Cell Explorer™ Live Cell Tracking Kit *Orange Fluorescence*

Protocol summary

1. Prepare samples and remove cells from incubator
2. Add 10 µL/well of 10X Track It™ Orange working solution in each well
3. Stain the cells at 37°C for 15 minutes to 1 hour
4. Wash the cells
5. Examine the specimen under fluorescence microscope with Cy3/TRITC filter or flow cytometer with 575/26 nm filter (PE channel)

Important notes
Thaw all the components to room temperature, centrifuge the component A briefly before opening.

Dilute 500X Track It™ Orange DMSO stock solution (Component A) into Assay Buffer (Component B) to make a 10X to 25X Track It™ Orange working solution. The working solution should be prepared enough for all the wells at 10 µL/well with the appropriate concentration. For example, to get a 1X final concentration of Track It™ Orange for one 96-well microplate, dilute 20 µL of the Track It™ Orange DMSO stock solution into 1 mL of Assay Buffer (Component B) to make 1 mL of 10X Track It™ Orange working solution. Note: The final concentration of the Track It™ Orange working solution should be empirically determined for different cell types and/or experimental conditions. It is recommended to test at the concentrations that are at least over a ten-fold range.

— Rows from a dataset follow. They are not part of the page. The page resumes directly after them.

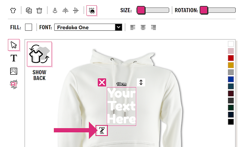 A new text element will be added to your garment. Click on the text to see the text options.
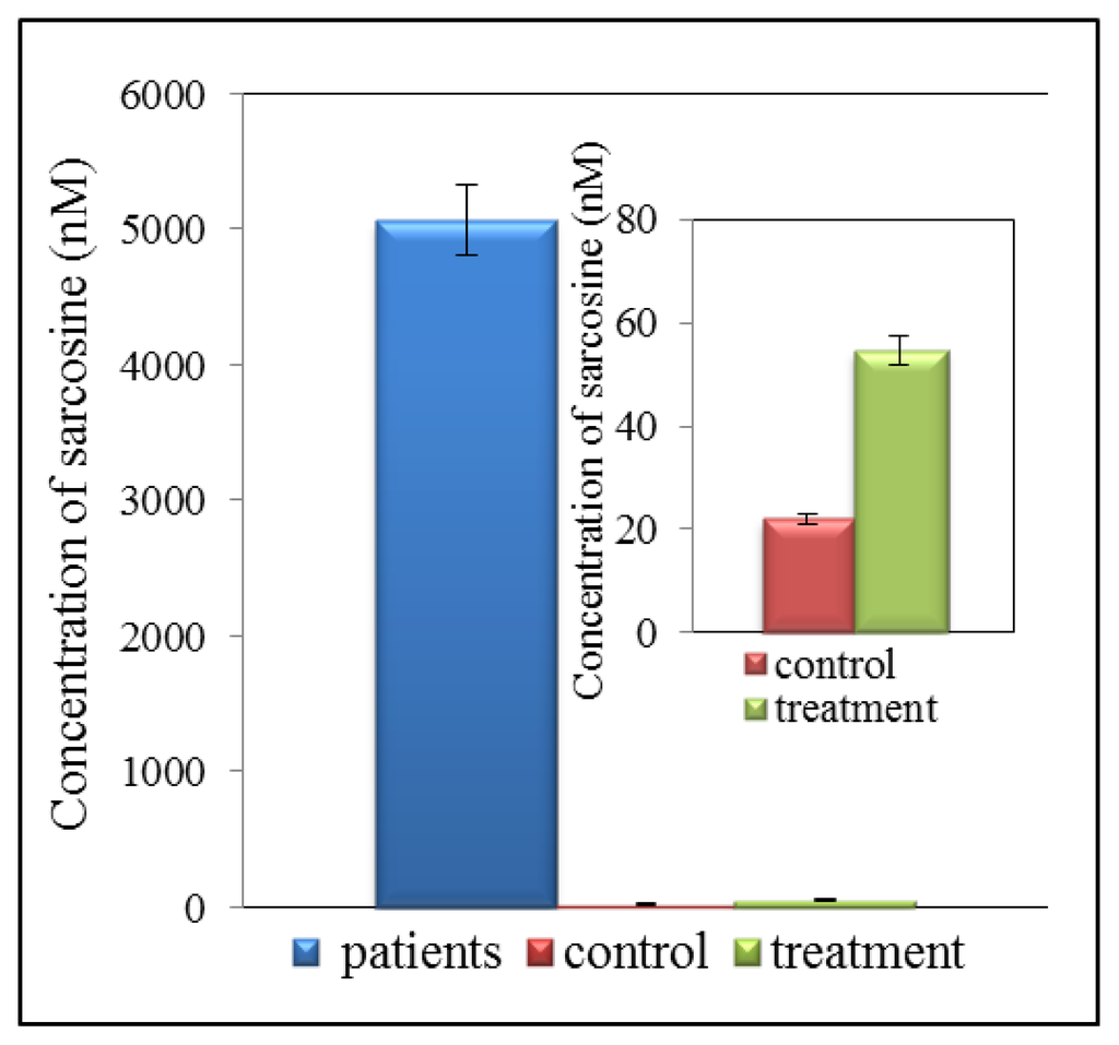 Non-proteinogenic amino acid sarcosine has a promising potential as a non-invasive marker of carcinoma of prostate as well as GNMT, which is closely connected with the presence and involvement of sarcosine in tissue of prostate tumours. Analytical demands on accurate and precise detection of low concentrations of sarcosine are high, and relatively expensive instrumentation is quite necessary. However, the limits of detection in units of nanograms can be achieved and reversed this fact. The finding that sarcosine does not occur in urine of healthy patients in detectable levels [,] and the necessity to eliminate negative results are very important for developing the low-cost, rapid, and reliable analytical methods.
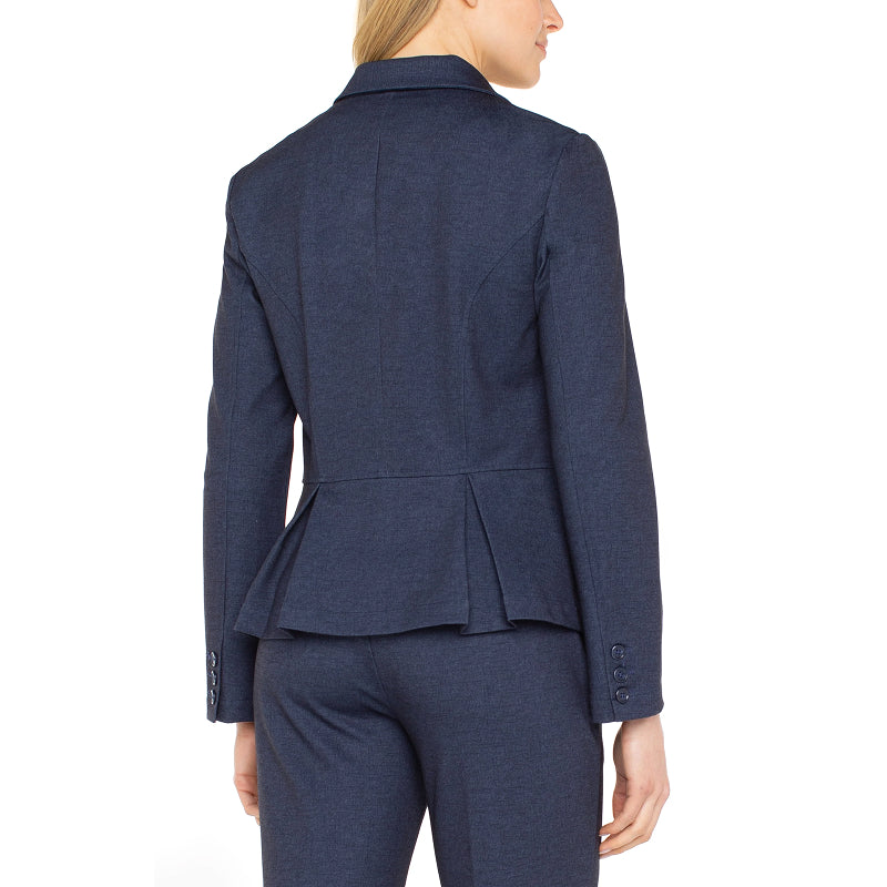 In a refined Navy Dusk, this blazer is tailored with a peplum silhouette that creates a flattering, feminine shape. The box-pleated hem adds subtle movement, while the polished design makes it easy to style from desk to dinner. A modern statement piece that elevates any look.

For guidelines on cell sample preparation, please visit
https://www.aatbio.com/resources/guides/cell-sample-preparation.html

1. Add 10X Track It™ Orange working solution to the cells, the volume should be equal to 1/10 of the volume of cell culture medium. For example, for a 96-well plate, add 10 µL/well of 10X Track It™ Orange working solution into the cells.
   
   
2. Incubate the cells in a 37°C, 5% CO₂ incubator for 15 minutes to 1 hour.
   
   
3. Wash cells with Hanks and 20 mM Hepes buffer (HBSS) or an appropriate buffer.
   
   
4. Fill the cell wells with growth medium.
   
   
5. Analyze the cells using a fluorescence microscope with Cy3/TRITC filter sets of flow cytometer with 575/26 nm filter (PE channel).